:: Supplied data ::
________

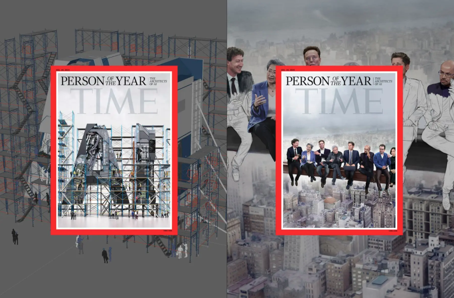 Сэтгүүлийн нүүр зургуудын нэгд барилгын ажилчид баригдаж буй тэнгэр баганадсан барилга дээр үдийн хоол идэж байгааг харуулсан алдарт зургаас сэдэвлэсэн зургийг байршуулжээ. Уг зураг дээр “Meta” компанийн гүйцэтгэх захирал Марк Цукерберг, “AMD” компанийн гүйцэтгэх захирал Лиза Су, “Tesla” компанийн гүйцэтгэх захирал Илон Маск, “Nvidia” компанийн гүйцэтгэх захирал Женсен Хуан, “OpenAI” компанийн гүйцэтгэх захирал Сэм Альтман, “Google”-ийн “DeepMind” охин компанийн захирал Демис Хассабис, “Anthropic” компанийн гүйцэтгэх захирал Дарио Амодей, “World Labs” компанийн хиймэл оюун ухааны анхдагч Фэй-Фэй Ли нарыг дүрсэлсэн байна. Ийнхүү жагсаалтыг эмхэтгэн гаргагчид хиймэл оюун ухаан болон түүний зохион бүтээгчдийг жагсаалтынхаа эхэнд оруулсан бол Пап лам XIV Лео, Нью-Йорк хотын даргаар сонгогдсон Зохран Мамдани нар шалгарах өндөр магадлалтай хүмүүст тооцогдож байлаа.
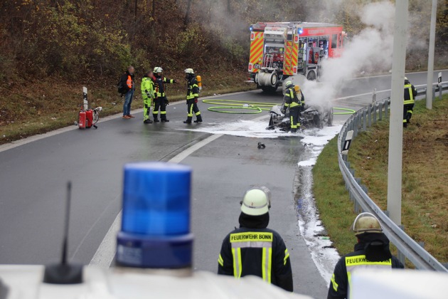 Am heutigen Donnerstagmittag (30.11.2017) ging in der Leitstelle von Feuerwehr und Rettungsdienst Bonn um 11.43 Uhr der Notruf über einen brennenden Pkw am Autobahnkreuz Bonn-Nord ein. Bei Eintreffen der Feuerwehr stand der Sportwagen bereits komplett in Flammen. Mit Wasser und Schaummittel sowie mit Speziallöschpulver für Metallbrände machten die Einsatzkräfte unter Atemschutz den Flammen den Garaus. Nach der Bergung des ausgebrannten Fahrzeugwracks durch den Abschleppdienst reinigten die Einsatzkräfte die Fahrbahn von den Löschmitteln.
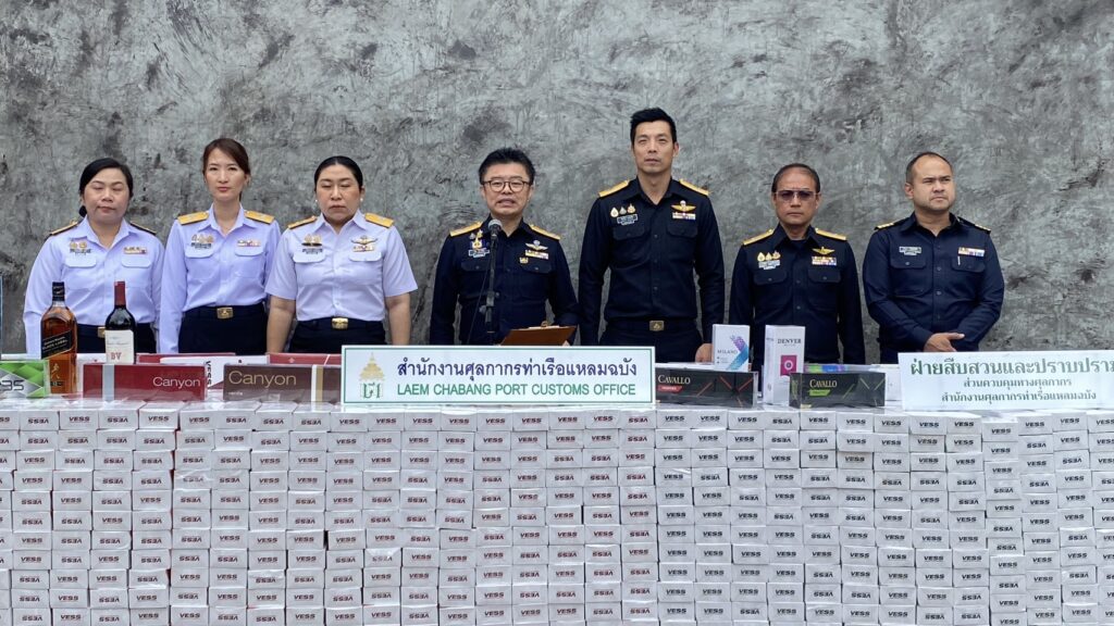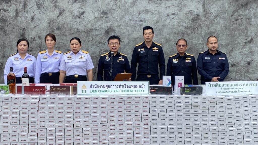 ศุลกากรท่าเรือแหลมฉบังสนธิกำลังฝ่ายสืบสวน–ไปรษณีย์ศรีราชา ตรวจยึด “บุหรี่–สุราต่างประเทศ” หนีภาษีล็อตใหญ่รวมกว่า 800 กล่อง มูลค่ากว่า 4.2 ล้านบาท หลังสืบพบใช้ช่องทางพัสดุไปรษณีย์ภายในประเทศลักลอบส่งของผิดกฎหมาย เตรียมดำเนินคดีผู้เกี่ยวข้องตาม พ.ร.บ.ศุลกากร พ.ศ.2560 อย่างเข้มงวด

________

:: Your instructions ::
Please print everything in the material exactly, apart from the pictures.

:: Task output ::
 Сэтгүүлийн нүүр зургуудын нэгд барилгын ажилчид баригдаж буй тэнгэр баганадсан барилга дээр үдийн хоол идэж байгааг харуулсан алдарт зургаас сэдэвлэсэн зургийг байршуулжээ. Уг зураг дээр “Meta” компанийн гүйцэтгэх захирал Марк Цукерберг, “AMD” компанийн гүйцэтгэх захирал Лиза Су, “Tesla” компанийн гүйцэтгэх захирал Илон Маск, “Nvidia” компанийн гүйцэтгэх захирал Женсен Хуан, “OpenAI” компанийн гүйцэтгэх захирал Сэм Альтман, “Google”-ийн “DeepMind” охин компанийн захирал Демис Хассабис, “Anthropic” компанийн гүйцэтгэх захирал Дарио Амодей, “World Labs” компанийн хиймэл оюун ухааны анхдагч Фэй-Фэй Ли нарыг дүрсэлсэн байна. Ийнхүү жагсаалтыг эмхэтгэн гаргагчид хиймэл оюун ухаан болон түүний зохион бүтээгчдийг жагсаалтынхаа эхэнд оруулсан бол Пап лам XIV Лео, Нью-Йорк хотын даргаар сонгогдсон Зохран Мамдани нар шалгарах өндөр магадлалтай хүмүүст тооцогдож байлаа.
 Am heutigen Donnerstagmittag (30.11.2017) ging in der Leitstelle von Feuerwehr und Rettungsdienst Bonn um 11.43 Uhr der Notruf über einen brennenden Pkw am Autobahnkreuz Bonn-Nord ein. Bei Eintreffen der Feuerwehr stand der Sportwagen bereits komplett in Flammen. Mit Wasser und Schaummittel sowie mit Speziallöschpulver für Metallbrände machten die Einsatzkräfte unter Atemschutz den Flammen den Garaus. Nach der Bergung des ausgebrannten Fahrzeugwracks durch den Abschleppdienst reinigten die Einsatzkräfte die Fahrbahn von den Löschmitteln.
 ศุลกากรท่าเรือแหลมฉบังสนธิกำลังฝ่ายสืบสวน–ไปรษณีย์ศรีราชา ตรวจยึด “บุหรี่–สุราต่างประเทศ” หนีภาษีล็อตใหญ่รวมกว่า 800 กล่อง มูลค่ากว่า 4.2 ล้านบาท หลังสืบพบใช้ช่องทางพัสดุไปรษณีย์ภายในประเทศลักลอบส่งของผิดกฎหมาย เตรียมดำเนินคดีผู้เกี่ยวข้องตาม พ.ร.บ.ศุลกากร พ.ศ.2560 อย่างเข้มงวด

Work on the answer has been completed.